Слесарь Петя Квокин бросил жену Настю, дочь Зину, сына Аркашу и ушёл, не оборачиваясь, к Нине Фёдоровне Запотельской, самой интеллигентной женщине в микрорайоне.
По общему мужскому мнению, Квокину повезло. Не потому, что Запотельская была молода и хороша собой. Тот, кто такое подумает, скоро убедиться в своей неправоте. О её молодости можно было говорить исключительно в прошедшем времени, а красота и вовсе была не причем. Зато ума, как в палате депутатов, так что стоило ей открыть рот, как тотчас забывались все прочие её недостатки.

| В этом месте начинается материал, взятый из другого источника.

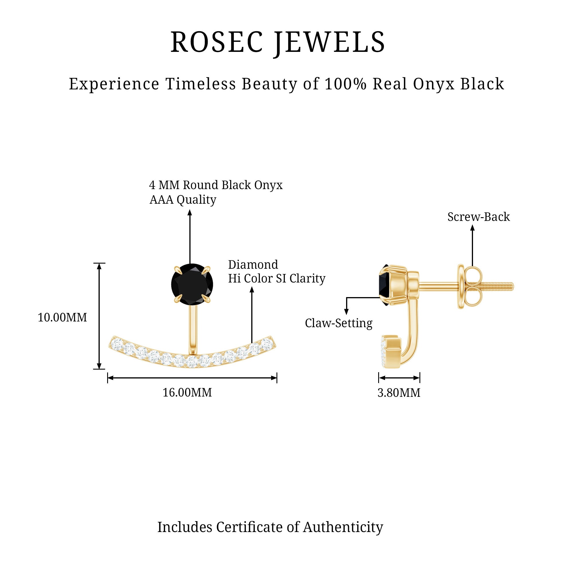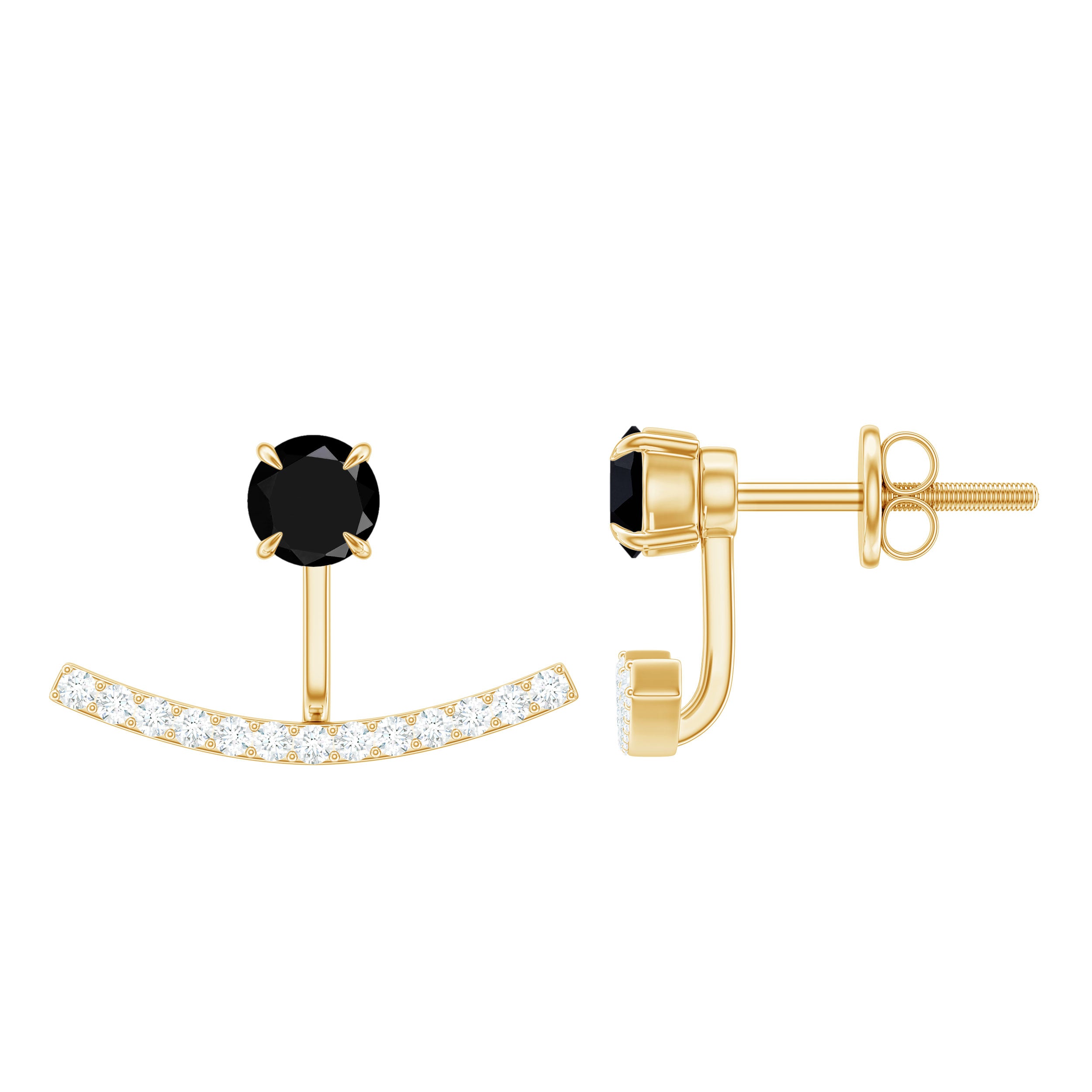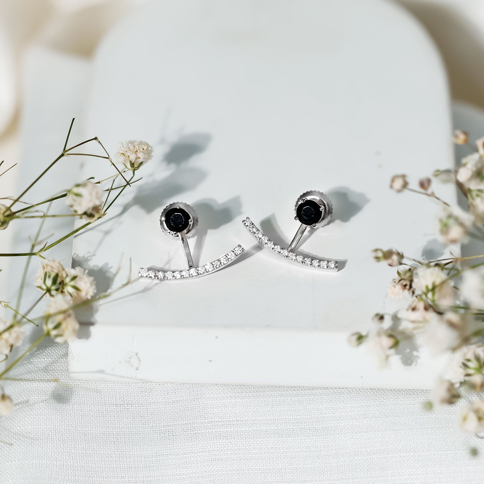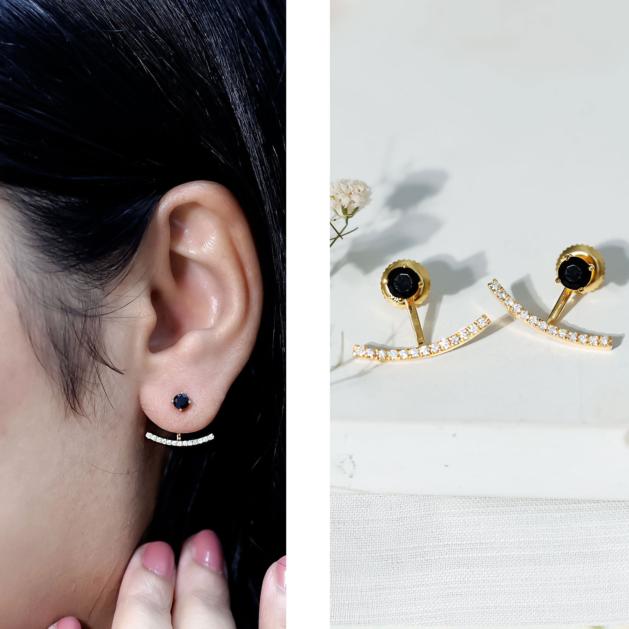 The Front Back Earrings are a gorgeous pair designed to create desirable looks as and when you like and can be worn together or separately. The Front Back Earrings are adorned with Round Shape Black Onyx in front and Round Diamonds are set on the jacket. The Double Sided Earrings are secure comfortably with screw backs. Celebrate a special milestone in your relationship by getting our beautiful Ear Jacket Earrings for your better half as an anniversary gift.

Удивляться этому не приходится. В то время, как другие женщины мотаются по продуктовым точкам, сплетничают, оглядываются на новые марки машин, изыскивают безопасные способы изменять мужьям, Нина Фёдоровна горбится за рабочим столом, отделённая от реальности крепостной стеной из газетных подшивок и книжных стопок. Сначала она упорно изучает их содержание, а после изыскивает любую возможность пересказать прочитанное. А при нынешней тяге нашего народа, особенно её мужской части, к повышению культурного уровня, превращает её в воображении заинтересованных лиц в интеллектуальную секс-бомбу.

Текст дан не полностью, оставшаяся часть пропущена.